Write out all of the records exactly once more and skip the images.
----- Given data
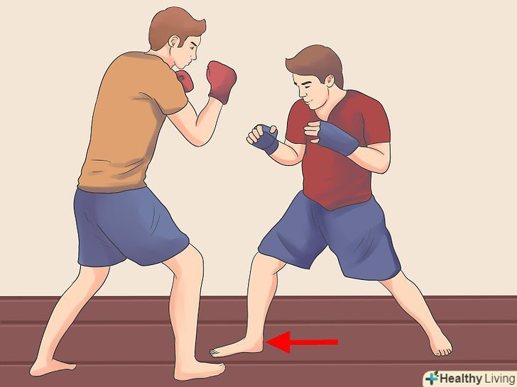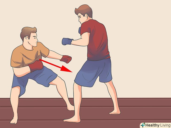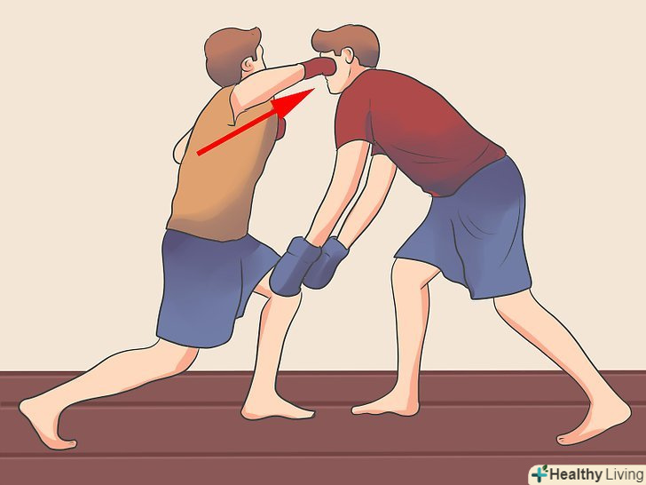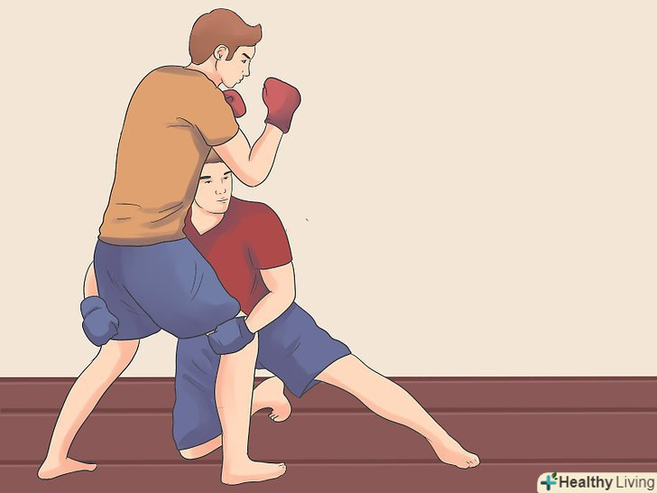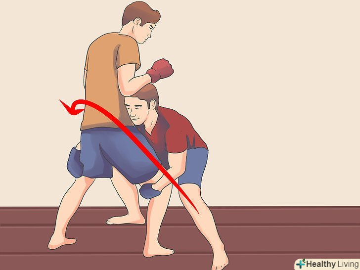 Почніть кидок із захопленням ніг з удару. Одним з найбільш правильних і поширених способів зробити кидок з подвійним захопленням ніг, є удар по голові вашого супротивника, так щоб його руки піднялися вгору в оборонну позицію, а потім вже робити кидок із захопленням ніг. [3] . У той час як ви все ще залишаєтеся вразливим до удару коліном або задушення, ви можете обійти захист вашого опонента, якщо зробите це досить швидко.- Крім того, обманний кидок із захопленням ніг-це іноді хороший спосіб відкинути руки вашого супротивника, щоб відкрити його для ударних атак.
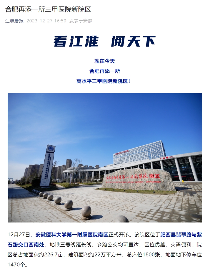12月27日,安徽医科大学第一附属医院南区正式开诊。该院区位于肥西县翡翠路与紫石路交口西南处。地铁三号线延长线、多路公交均可直达,区位优越,交通便利。院区总占地面积约226.7亩,建筑面积约22万平方米,总床位1800张,地面地下停车位1470个。
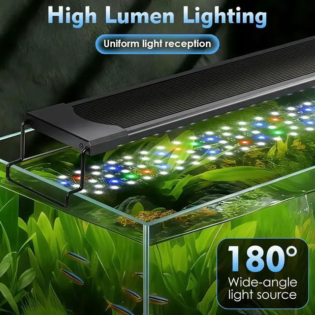 DURABLE METAL HOUSING&ADJUSTABLE FIT: Built with a high-quality aluminum alloy body for superior heat dissipation and easy cleaning. The included extendable bracket (up to 4.92 inches) ensures a secure and flexible fit on a wide range of aquarium sizes.
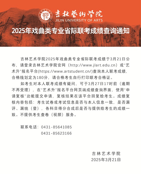 吉林藝術(shù)學(xué)院2025年戲曲類專業(yè)省際聯(lián)考專業(yè)課成績合格線
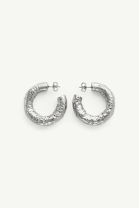 Earrings treated with a silver foil effect, creating a rippled surface that subverts the clean outline of a classic hoop. The crinkled texture amplifies tactility, turning an archetype into a sculptural accessory. Product Details Item ID SM6VG0104P6622956 Body: 100% copper Contrast: 100% brass Contrast: 100% silver One size Textured hoop earrings Pair Post back fastening Engraved brand logo Avoid salt, chlorine water and aggressive liquid Made in Italy
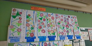 朝、校内を回っていますと、給食配膳室の屋根に雑草が生えていました。これも長雨の影響ですが、湿気をエアコンが除去してくれるおかげで、快適な環境で学習を進めることができています。教室掲示も初夏らしく、1年生の教室では、「アサガオの押し花」をつかった作品が飾ってあり、癒しを与えてくれていました。
----------
--- Task solution ---
 Почніть кидок із захопленням ніг з удару. Одним з найбільш правильних і поширених способів зробити кидок з подвійним захопленням ніг, є удар по голові вашого супротивника, так щоб його руки піднялися вгору в оборонну позицію, а потім вже робити кидок із захопленням ніг. [3] . У той час як ви все ще залишаєтеся вразливим до удару коліном або задушення, ви можете обійти захист вашого опонента, якщо зробите це досить швидко.- Крім того, обманний кидок із захопленням ніг-це іноді хороший спосіб відкинути руки вашого супротивника, щоб відкрити його для ударних атак.
12月27日,安徽医科大学第一附属医院南区正式开诊。该院区位于肥西县翡翠路与紫石路交口西南处。地铁三号线延长线、多路公交均可直达,区位优越,交通便利。院区总占地面积约226.7亩,建筑面积约22万平方米,总床位1800张,地面地下停车位1470个。
 DURABLE METAL HOUSING&ADJUSTABLE FIT: Built with a high-quality aluminum alloy body for superior heat dissipation and easy cleaning. The included extendable bracket (up to 4.92 inches) ensures a secure and flexible fit on a wide range of aquarium sizes.
 吉林藝術(shù)學(xué)院2025年戲曲類專業(yè)省際聯(lián)考專業(yè)課成績合格線
 Earrings treated with a silver foil effect, creating a rippled surface that subverts the clean outline of a classic hoop. The crinkled texture amplifies tactility, turning an archetype into a sculptural accessory. Product Details Item ID SM6VG0104P6622956 Body: 100% copper Contrast: 100% brass Contrast: 100% silver One size Textured hoop earrings Pair Post back fastening Engraved brand logo Avoid salt, chlorine water and aggressive liquid Made in Italy
 朝、校内を回っていますと、給食配膳室の屋根に雑草が生えていました。これも長雨の影響ですが、湿気をエアコンが除去してくれるおかげで、快適な環境で学習を進めることができています。教室掲示も初夏らしく、1年生の教室では、「アサガオの押し花」をつかった作品が飾ってあり、癒しを与えてくれていました。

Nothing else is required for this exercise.